■ Action item ■
The data below holds the lines to copy: everything from the line containing "494 - حَدَّثَنَا" to the line containing "На места поривите", both ends included, set down exactly.

■ Data to use ■
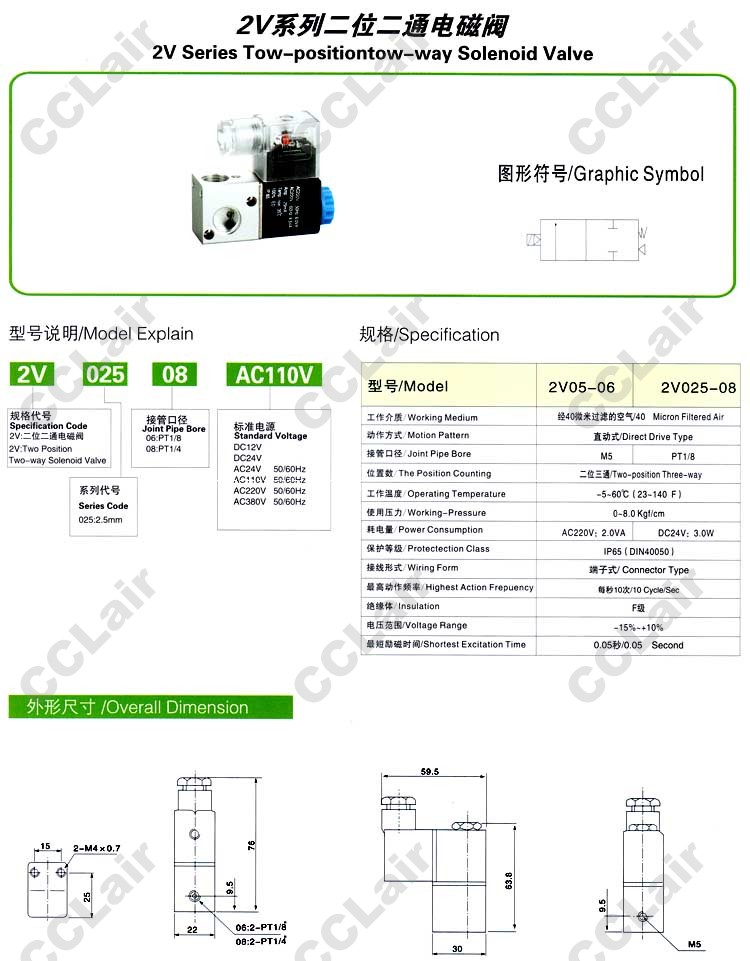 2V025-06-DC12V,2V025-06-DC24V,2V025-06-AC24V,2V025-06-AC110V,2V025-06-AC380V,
==
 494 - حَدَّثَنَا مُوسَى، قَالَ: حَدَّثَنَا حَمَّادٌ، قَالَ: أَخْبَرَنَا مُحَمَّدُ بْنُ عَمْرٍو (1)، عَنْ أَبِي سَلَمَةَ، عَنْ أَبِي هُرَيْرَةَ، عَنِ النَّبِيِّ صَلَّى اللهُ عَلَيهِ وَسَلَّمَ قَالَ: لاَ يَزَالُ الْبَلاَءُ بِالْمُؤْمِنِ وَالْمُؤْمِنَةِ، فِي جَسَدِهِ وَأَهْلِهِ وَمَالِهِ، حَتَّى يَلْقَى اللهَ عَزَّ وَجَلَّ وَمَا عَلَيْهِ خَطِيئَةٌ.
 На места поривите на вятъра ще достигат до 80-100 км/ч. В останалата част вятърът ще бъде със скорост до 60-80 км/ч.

■ Your response ■
 494 - حَدَّثَنَا مُوسَى، قَالَ: حَدَّثَنَا حَمَّادٌ، قَالَ: أَخْبَرَنَا مُحَمَّدُ بْنُ عَمْرٍو (1)، عَنْ أَبِي سَلَمَةَ، عَنْ أَبِي هُرَيْرَةَ، عَنِ النَّبِيِّ صَلَّى اللهُ عَلَيهِ وَسَلَّمَ قَالَ: لاَ يَزَالُ الْبَلاَءُ بِالْمُؤْمِنِ وَالْمُؤْمِنَةِ، فِي جَسَدِهِ وَأَهْلِهِ وَمَالِهِ، حَتَّى يَلْقَى اللهَ عَزَّ وَجَلَّ وَمَا عَلَيْهِ خَطِيئَةٌ.
 На места поривите на вятъра ще достигат до 80-100 км/ч. В останалата част вятърът ще бъде със скорост до 60-80 км/ч.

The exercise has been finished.